How One Community Harnessed the Wind and Changed their World
Written and illustrated by Allan Drummond
Frances Foster Books, 2011
$16.99, ages 6-10, 40 pages
A Danish island where hats are always flying off heads learns to harness the energy of the wind and takes itself off the grid.
In this remarkable true story, Drummond tells about the people of Samso who used the very thing they couldn't escape from -- buffeting winds -- to work for them.
In 1997, Denmark's government designated the island as its "renewable energy island" -- a region that could eventually run completely on free, nonpolluting energy thanks in a large part to its windy location.
Since then, the island off the Jutland peninsula has become almost entirely energy independent through the use of wind turbines, as well as district heating plants, biomass and solar panels.
It's even able to export surplus electricity from those turbines to the mainland and it has eliminated its carbon emissions by 140 percent.
That means if you were to look for a carbon footprint there, you wouldn't find one.
But becoming a green island wasn't quick and it wasn't easy.
This is a story about ordinary people who, at first, weren't so sure they wanted to fuss with clean energy.
They didn't think about where their energy came from and they weren't very motivated to conserve it:
They switched on lots of lights, turned up heaters too much, used hot water without thinking, and expected oil to arrive by tanker ships or trucks and their electricity through cables.
Sound familiar? That's partly what makes this story remarkable -- they were people very much like everyone else.
Then one day, the Danish Ministry of Environment and Energy planted the idea that Samso could be more than a fossil fuel consumer.
Though the government didn't step in and tell them how to do that, they did appoint someone who wasn't likely to give up.
A teacher named Soren Hermansen was asked to lead the project and right away he had students energized about ways the island could switch over.
They saw the potential of the sun's energy, island crops, their legs and the very air that turned their toy pinwheels.
But the grownups weren't so gung-ho. Many feared the cost -- the government designation didn't come with prize money, tax breaks or government subsidies.
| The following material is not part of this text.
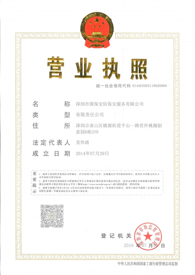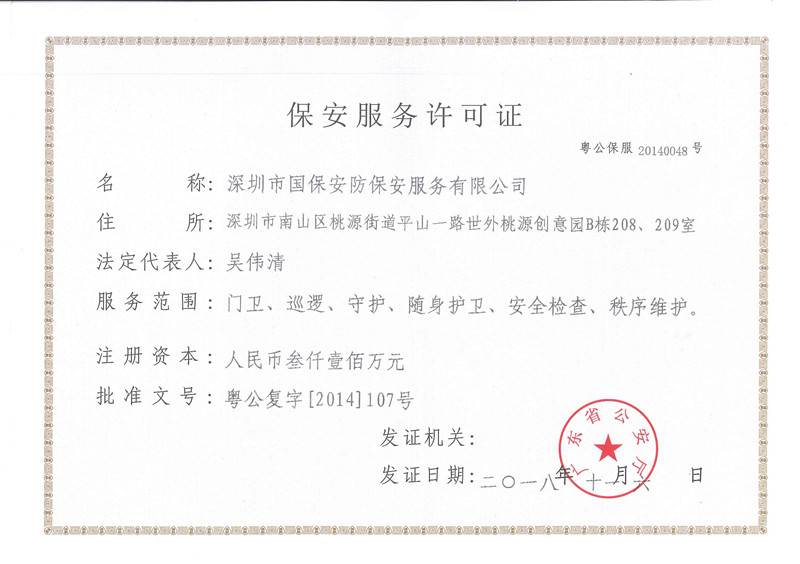 為適應(yīng)集團(tuán)總體戰(zhàn)略規(guī)劃要求,2018年11月,集團(tuán)下屬深圳市國保安防保安服務(wù)有限公司在深圳市市場監(jiān)督管理局和公安機(jī)關(guān)成功完成了《營業(yè)執(zhí)照》及《保安服務(wù)許可證》注冊資本的變更登記,公司注冊資本成功增資至3100萬元,集團(tuán)綜合實(shí)力和市場競爭力得到進(jìn)一步提升。

And they liked the way things were and didn't really see what difference one little island could make.
Hermansen, however, kept working on them and touting the benefits of clean energy. Though nothing happened for years, more and more people thought his ideas made sense.
Then one day, a local electrician and a farmer decided to invest in a couple of wind turbines, one very small the other very big.
For awhile nobody followed suit, but then a snowstorm hit the island and cut off electricity and every house went dark -- except the farmer's, Mr. Kjaer's.
"Sure enough, the blades on Mr. Kjaer's new turbine were whooshing and whirring in the wind!" Drummond wrote, and after that, everyone wanted to know how they could do it too.
Suddenly, the islanders were bursting with energy-saving ideas: one farmer installed solar panels, another made tractor fuel from his canola crop, soon whole villages were heated by burning wood and straw that was grown on the island.
And all across the Samso, it looked like as if the land had sprouted a crop of giant-size pinwheels, as 10 turbines were erected at a cost of $40 million.
Soon the world learned about Samso's success and clamored to tap into nonpolluting energy too, so the island set up the Energy Academy to teach what they learned.
Today, Samso is hailed as everything from "the little island that could" to "an ecotopia for climate protection."
Readers will notice that children appear on the cover and throughout the story holding toy pinwheels up to the wind. It is a poignant symbol, for in Chinese culture, the pinwheel has long symbolized turning obstacles into opportunities, and here, the islanders did just that.
Although wind can be a hindrance and annoying (it can be loud, give you a chill and make you want to hide out indoors), in harnessing it for energy, an island was a able to clean up its part of the world.
It makes you think, what other kinds of clean energy could we tap into? As Drummond likes to say, "Hold on to your hats!" -- with a little hard work, perhaps we could all be energy independent too.
Watch for Drummond's next picture book, the second in a series on innovative green projects, Green City, about conservation efforts in Greensburg, Kansas.